## What the task asks
The whole listing, exactly as given: write it out, leaving out each image.

## Dataset content
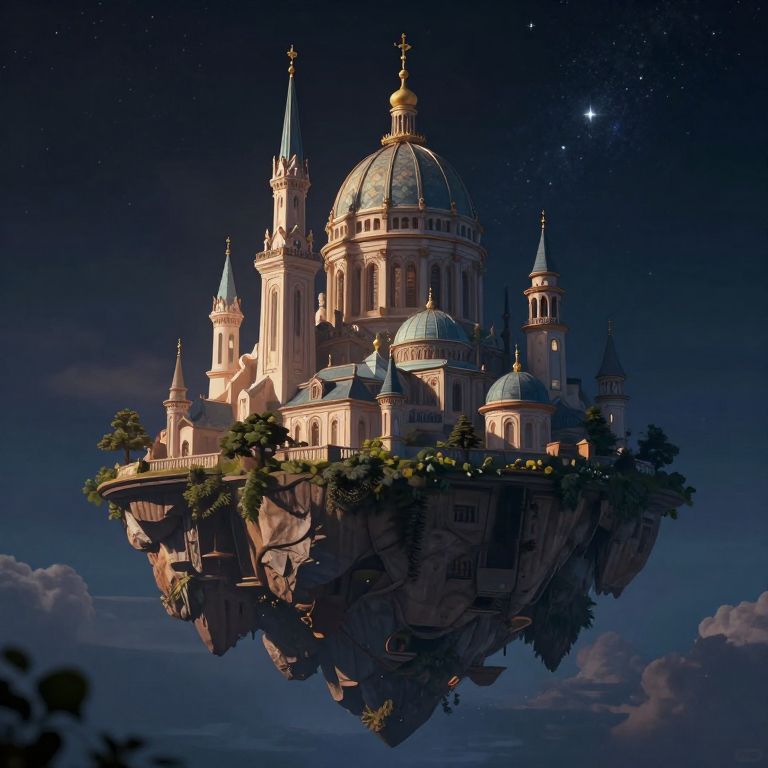 A majestic, computer-generated 3D render depicts a fantastical floating island adorned with steeples and domes, illuminated by dramatic lighting against a starry night sky, evoking a dreamlike, otherworldly atmosphere reminiscent of surrealist art.
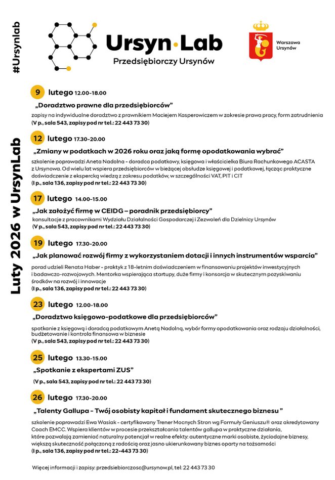 UrsynLab przygotował bogaty program bezpłatnych spotkań, konsultacji i szkoleń skierowanych do przedsiębiorców oraz osób myślących o założeniu działalności gospodarczej. W lutym uczestnicy będą mogli skorzystać z praktycznej wiedzy ekspertów z zakresu prawa, podatków, księgowości, dotacji oraz rozwoju kompetencji biznesowych.
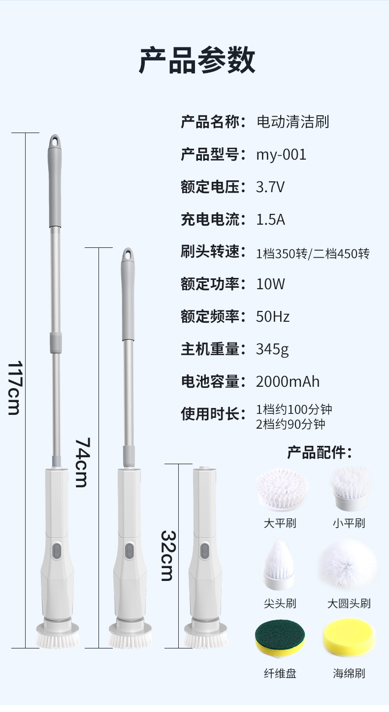 电动清洁刷加长杆防水多功能刷家用浴室鱼缸瓷砖地板清洁刷子神器

## Answer space
 A majestic, computer-generated 3D render depicts a fantastical floating island adorned with steeples and domes, illuminated by dramatic lighting against a starry night sky, evoking a dreamlike, otherworldly atmosphere reminiscent of surrealist art.
 UrsynLab przygotował bogaty program bezpłatnych spotkań, konsultacji i szkoleń skierowanych do przedsiębiorców oraz osób myślących o założeniu działalności gospodarczej. W lutym uczestnicy będą mogli skorzystać z praktycznej wiedzy ekspertów z zakresu prawa, podatków, księgowości, dotacji oraz rozwoju kompetencji biznesowych.
 电动清洁刷加长杆防水多功能刷家用浴室鱼缸瓷砖地板清洁刷子神器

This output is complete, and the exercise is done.